5. How does one add compression levels in gzip (ex. gzip -1 xxx.txt' or gzip -9 xxx.txt')?

Solution on page 301.

2.4.2 Comparisons of Compression Algorithms

In Table 2.5, we compare the compression rates and the encoding/decoding speeds of the common tools on unix/linux using the example of an email file (i.e., containing texts, images, and binary files).

Table 2.5 Comparison of the Compression of an Email File (15.92 Mo: Text, Images, Programs, etc.) with Several Algorithms, on a PIV 1.5 GHz

Algorithm	Compressed	Rate, %	Encoding	Decoding
	file, Mo		speed, s	speed, s
7-Zip-4.42 (LZMA+?)	5.96	62.57	23.93	6.27
RAR-3.51 (?)	6.20	61.07	14.51	0.46
rzip-2.1 -9 (LZ77+Go)	6.20	61.09	9.26	2.94
ppmd-9.1 (Predictive)	6.26	60.71	11.26	12.57
bzip2-1.0.3 (BWT)	6.69	57.96	7.41	3.16
gzip-1.3.5 -9 (LZ77)	7.68	51.77	2.00	0.34
gzip-1.3.5 -2 (LZ77)	8.28	47.99	1.14	0.34
WinZip-9.0 (LZW+?)	7.72	51.55	5	5
compress (LZW)	9.34	41.31	1.11	0.32
lzop-1.01 -9 (LZW+?)	9.35	41.32	6.73	0.09
lzop-1.01 -2 (LZW+?)	10.74	32.54	0.45	0.09
pack (Huffman)	11.11	30.21	0.33	0.27

The gzip and compress programs—which use variants of Lempel–Ziv—are described in the next section. bzip2—which uses an entropy reduction like BWT before performing an entropic encoding—is described in Section 2.3.3. 7-Zip uses the variant LZMA of LZ77, associated with an arithmetic encoding and several additional heuristics depending on the kind of input file. WinZip also uses several variants depending on the type of the file and finishes with a LZW encoding. rzip is used for large files and, therefore, uses LZ77 with a very large window. ppmd uses a Markov probabilistic model in order to predict the next character with respect to the knowledge of the characters that are immediately before it. Then lzop uses a collection of algorithms called Lempel-Ziv-Oberhumer (LZO), optimized for decompression speed: it takes care of long matches and long literal runs so that it produces good results on highly redundant data and deals acceptably with low compressible data. Finally, pack implements the simple Huffman encoding.

As a conclusion, practical behavior reflects theory: LZ77 provides a better compression than LZW, but slower. Dictionary-based algorithms are more efficient than naive entropic encodings but are less efficient than an entropic encoding with a good heuristic for reducing the entropy. Common software usually tries several methods in order to find out the best compression. Although the compression rate is improved, the compression time usually suffers from this implementation choice.

2.4.3 GIF and PNG Formats for Image Compression

Common compact data formats take the nature of the data to encode into account. They are different depending on whether it is a question of a sound, an image, or a text. Among the image formats, the Graphics Interchange Format (GIF) is a graphic bitmap file format proposed by the Compuserve company. It is a compression format for a pixel image, that is, for an image described as a sequence of points (pixels) stored in an array; each pixel has a value for its color.

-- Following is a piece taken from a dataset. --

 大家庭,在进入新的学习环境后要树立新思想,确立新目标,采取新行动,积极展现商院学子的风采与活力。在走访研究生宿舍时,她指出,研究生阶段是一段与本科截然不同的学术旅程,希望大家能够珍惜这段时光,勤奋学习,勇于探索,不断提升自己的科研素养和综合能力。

The compression principle is divided into two steps. First pixel colors (at the beginning, there are 16.8 million colors encoded on 24 bits Red/Green/Blue (RGB) are restricted to a pallet of 2–256 colors (2, 4, 8, 16, 32, 64, 128, or the default value 256 colors). Hence, the color of each pixel is rounded up to the closest color appearing in the pallet. While keeping a large number of different colors with a 256-color pallet, this enables one to have a compression factor 3. Then, the sequence of pixel colors is compressed with the dynamic compression algorithm Lempel-Ziv-Welch (LZW). There exist two versions of this file format, which were, respectively, developed in 1987 and 1989:

· GIF 87a enables one to have a progressive display (using interleaving) and animated images (animated GIFs), storing several images within the same file.

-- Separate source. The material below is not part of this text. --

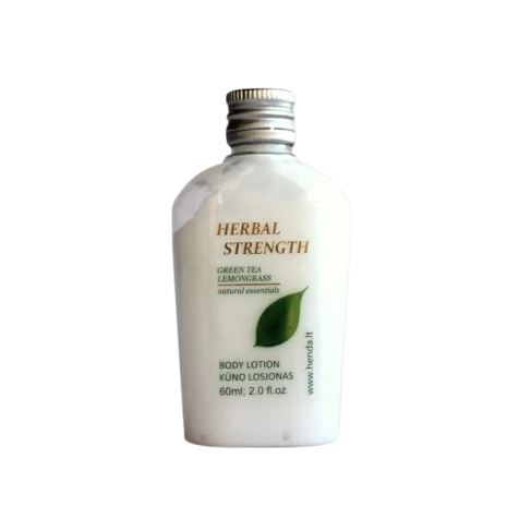 Herbal Strength kūno losjonas 60 ml – lengvos tekstūros, drėkinantis kūno priežiūros produktas, sukurtas komfortui ir aukštesnės klasės klientų patirčiai.
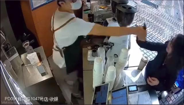 在这段视频中,面对催促,男店员不断表示“要按订单顺序做”,但还是被女顾客催着批评,拿起手机拍了拍脸,然后忍不住突破柜台,导致肢体冲突。

· GIF 89a—in addition to these functionalities—enables one to define a transparent color in the pallet and specify the delay for the animations.

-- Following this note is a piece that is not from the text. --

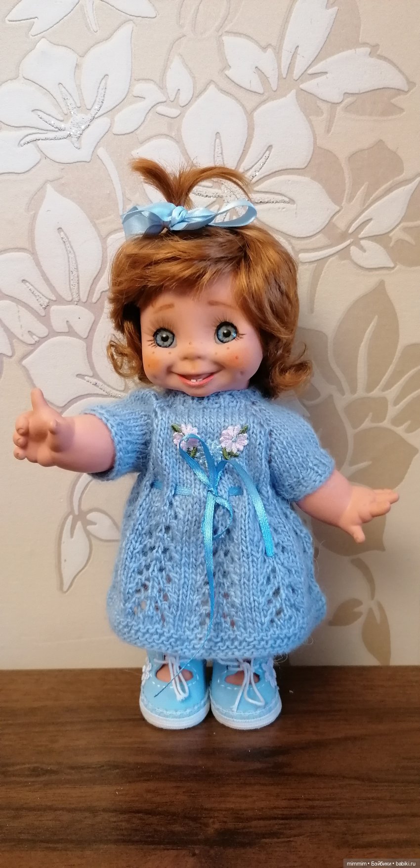 Девчуля получилась очень жизнерадостная, ей все время не сидится на месте, даже пришлось сшить меховой комбез и сапоги, что б гулять то, ну зима же!!! Ещё выяснилось, что она очень любит цветы, и чем больше цветок, тем больше радости))) А ещё она обожает менять причёски! В общем не ребёнок, а сплошное действие! Не смотря что всего 5 точек артикуляции))))

As the LZW compression algorithm was patented by Unisys, all software editors manipulating GIF images would have had to pay royalties to Unisys. This is one of the reasons why the Portable Network Graphics PNG format is increasingly used, to the disadvantage of GIF format. The PNG format is similar to the GIF format, but it uses the LZ77 compression algorithm.